The Breeder’s Equation
\[R = h^2 S\]where $S$ is the selection differential (the mean phenotype of selected parents minus the population mean) and $h^2$ is narrow-sense heritability. Equivalently, in terms of selection intensity $i$ (the standardised selection differential):
\[R = i\, h^2\, \sigma_P = i\, h\, \sigma_A\]For a truncation selection scheme where the top fraction $p$ of a normal distribution is selected, $i = \phi(t)/p$ where $t$ is the truncation point and $\phi$ is the standard normal density.

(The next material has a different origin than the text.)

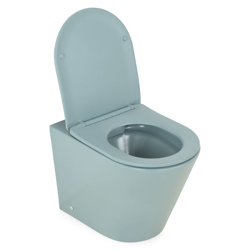 Vas toaletă podea, ceramică Citterio. Include capac UF (duroplast) cu soft-close și balamale metalice. UF este rigid și rezistent la zgârieturi/decolorare, iar designul rimless elimină „canalul” interior pentru curățare mai ușoară și igienă sporită.

Selection Differential and Intensity
| Proportion selected ($p$) | Selection intensity ($i$) |
|---|---|
| 0.01 | 2.665 |
| 0.05 | 2.063 |
| 0.10 | 1.755 |
| 0.25 | 1.271 |
| 0.50 | 0.798 |
The Selection Index
When multiple traits are measured, the optimal linear index for selection on a single goal trait uses index coefficients $\mathbf{b}$:
\[I = \mathbf{b}^\top \mathbf{x}, \quad \mathbf{b} = \mathbf{P}^{-1}\mathbf{G}\mathbf{a}\]where $\mathbf{P}$ is the phenotypic variance-covariance matrix, $\mathbf{G}$ is the genetic variance-covariance matrix, and $\mathbf{a}$ is a vector of economic weights. The index maximises the correlation between $I$ and the aggregate genotype $H = \mathbf{a}^\top \mathbf{g}$.
Long-Term Response and Limits
Sustained directional selection erodes additive genetic variance: $V_A$ declines as favourable alleles approach fixation. The Robertson–Hill limit estimates the total response from drift and selection in a finite population of size $N_e$:
\[R_{\infty} \approx 2\, N_e\, R_1\]where $R_1$ is the single-generation response. In practice, mutation-selection balance and frequency-dependent effects sustain long-term response beyond this prediction.